Would you output the lines from the one containing "Lazy Susan skivspelare, 25" through the final line of the entries, exactly and with pictures omitted?

┌──

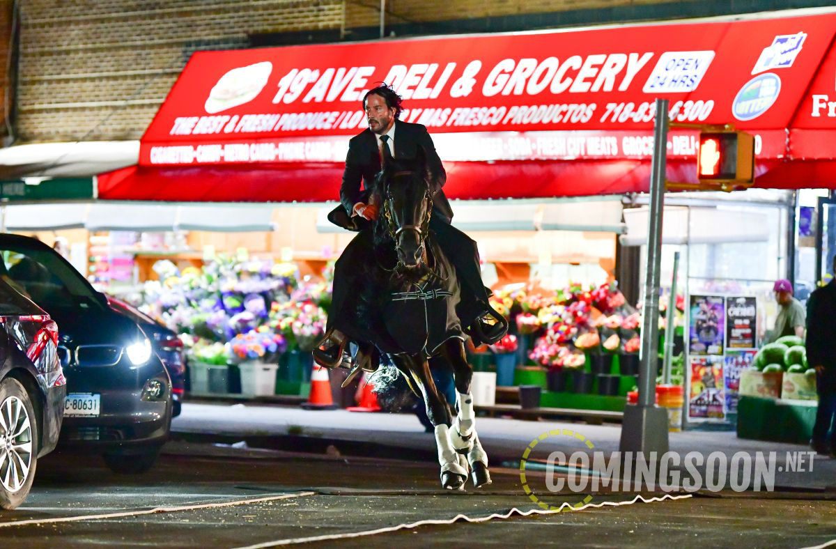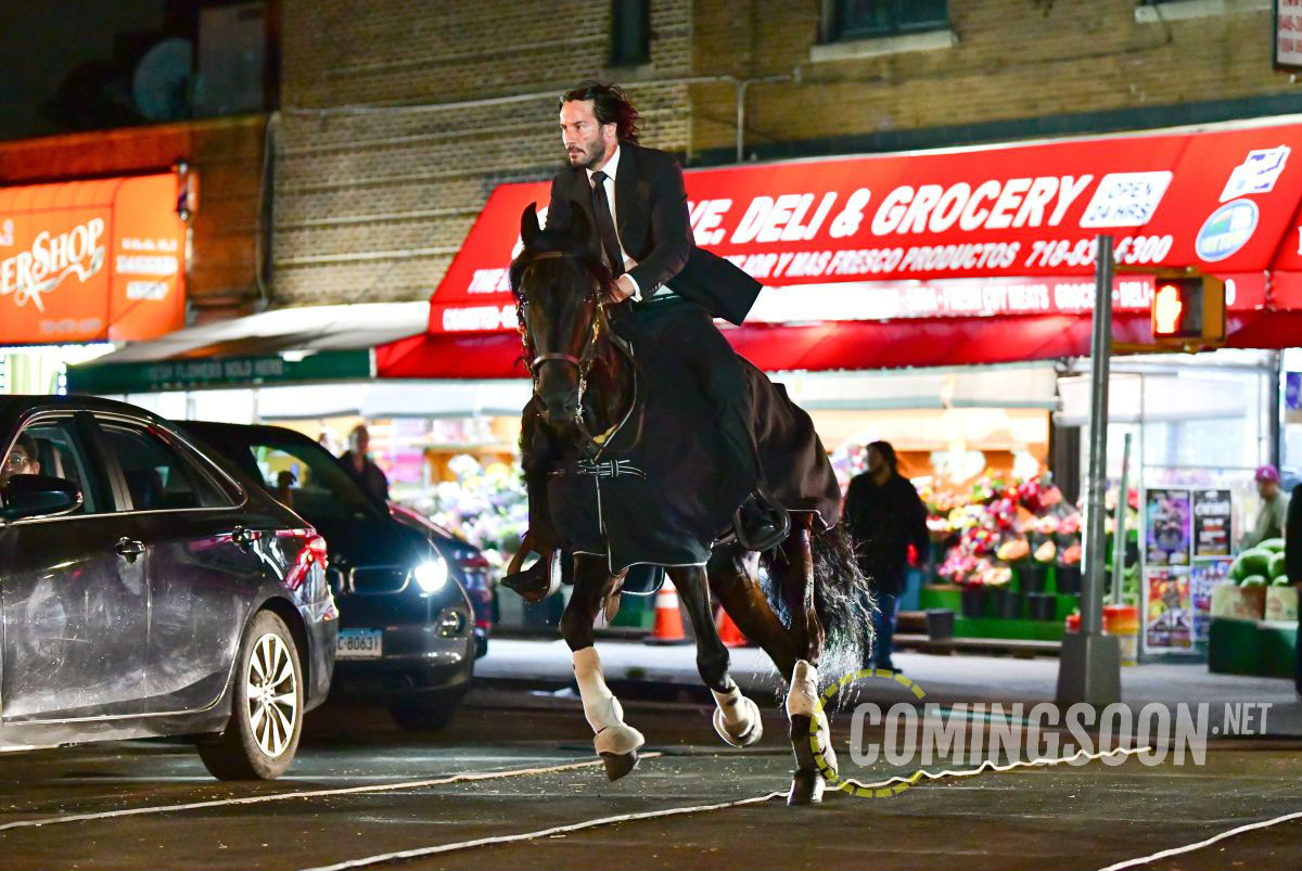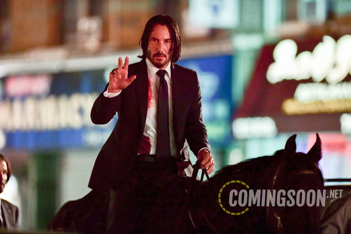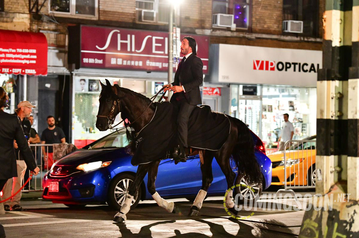 Порция фото и видео со съёмочной площадки боевика «Джон Уик 3: Парабеллум» с Киану Ривзом, рассекающим на бравом скакуне по улицам Нью-Йорка. Премьера третьего фильма о приключениях принципиального киллера намечена на 17 мая 2019 года.
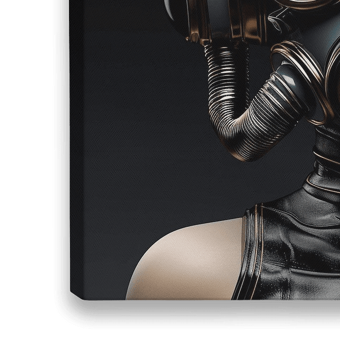 Het portret onthult een vrouw gekleed in een lederen tanktop, haar aura doordrongen van een futuristische uitstraling, haar gezicht deels verborgen achter een opvallend blauw/groen zuurstofmasker.
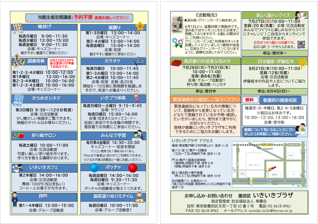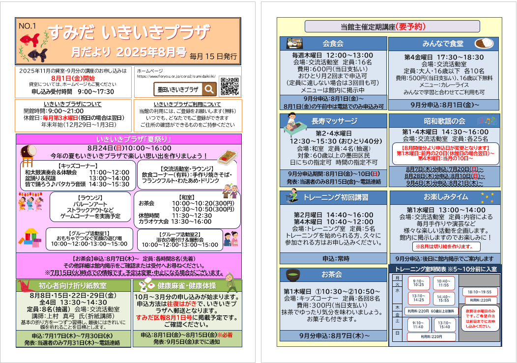 2025.07.15 お知らせ 月だより8月号を発行しました。 Tweet シェアする 月だより8月号を発行しました。 下記のリンクから詳細をご覧できます。 月だより8月号.pdf 墨田いきいきプラザ yuriko. 一覧へ戻る
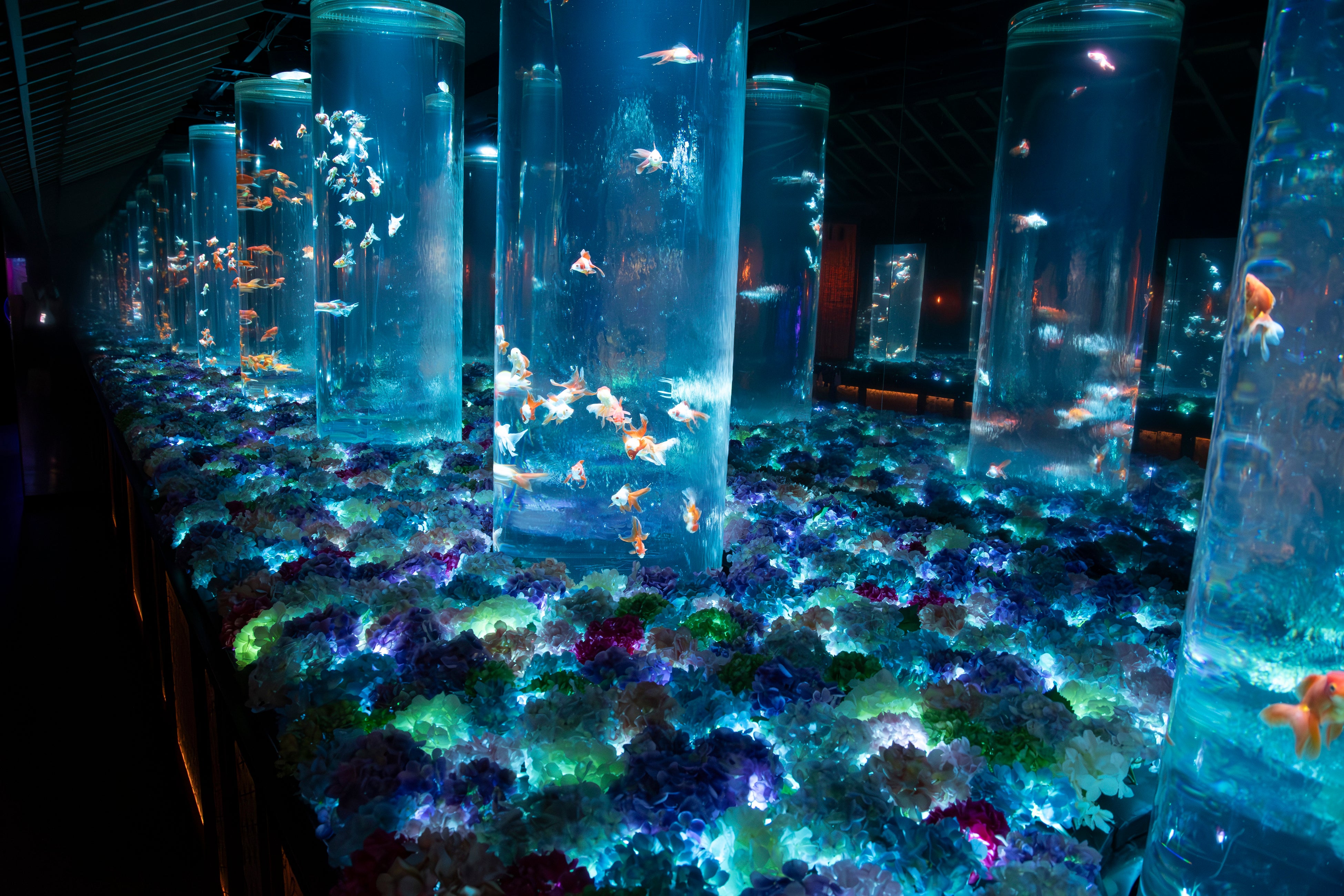 合わせ鏡により水槽が立ち並ぶ空間が無限に広がる“金魚の回廊”に、色とりどりの紫陽花が咲き誇ります。
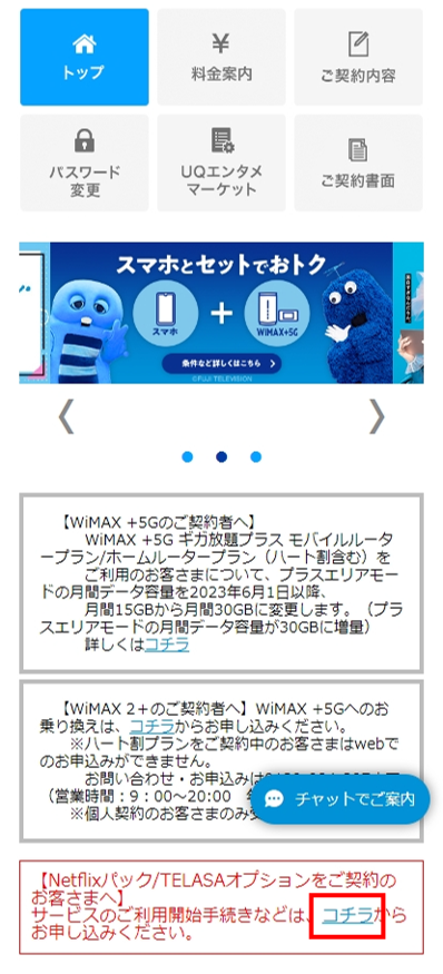 トップ画面を下にスクロールし「Netflixパック/TELASAオプションをご契約のお客さまへ」内の「コチラ」をタップします。
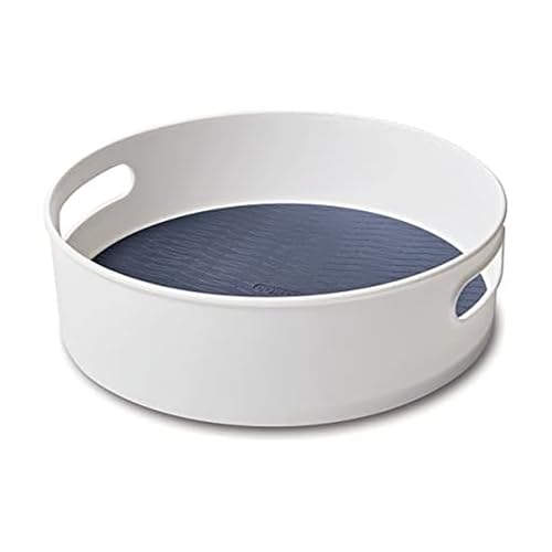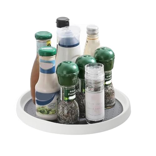 Lazy Susan skivspelare, 25 cm kryddhållare, glidkryddställ, 360 graders roterande kryddorganiserare för skafferiorganisatörer och förvaring för kylskåp, kök, skafferiskåp, kylskåp, vit/grå
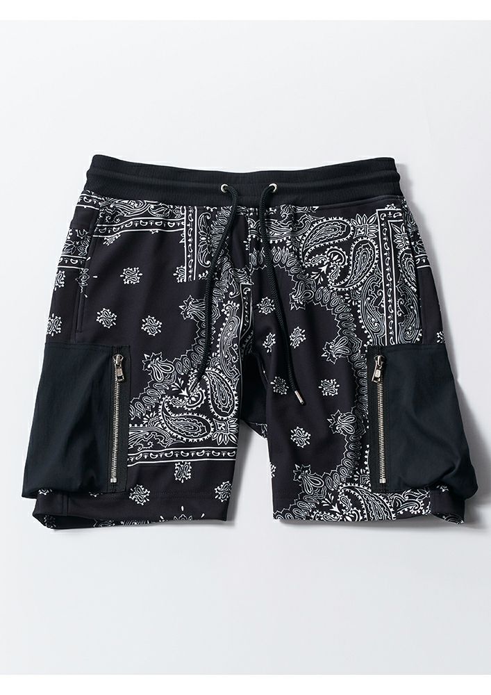 【 P357 / PET155 / DRY SUITING JERSEY BANDANA/STRETCH HYBRID CARGO SHORTS -BLACK/WHITE- 】
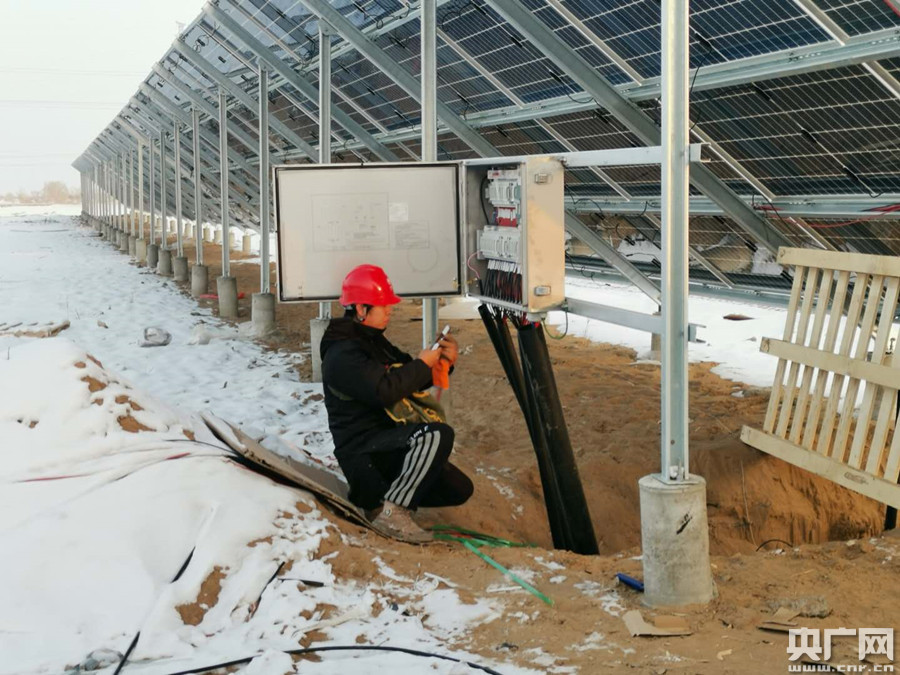 電力員工張曉磊冒著嚴(yán)寒檢查光伏發(fā)電板運(yùn)行狀況(央廣網(wǎng)記者 張孝成 攝)
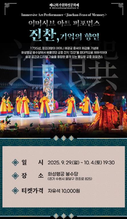 수원시는 제62회 수원화성문화제 기간 중 화성행궁 봉수당에서 이머시브 아트(몰입형 예술) 무용극 ‘진찬: 기억의 향연’을 선보인다.

└──

§ Solution to this exercise:
 Lazy Susan skivspelare, 25 cm kryddhållare, glidkryddställ, 360 graders roterande kryddorganiserare för skafferiorganisatörer och förvaring för kylskåp, kök, skafferiskåp, kylskåp, vit/grå
 【 P357 / PET155 / DRY SUITING JERSEY BANDANA/STRETCH HYBRID CARGO SHORTS -BLACK/WHITE- 】
 電力員工張曉磊冒著嚴(yán)寒檢查光伏發(fā)電板運(yùn)行狀況(央廣網(wǎng)記者 張孝成 攝)
 수원시는 제62회 수원화성문화제 기간 중 화성행궁 봉수당에서 이머시브 아트(몰입형 예술) 무용극 ‘진찬: 기억의 향연’을 선보인다.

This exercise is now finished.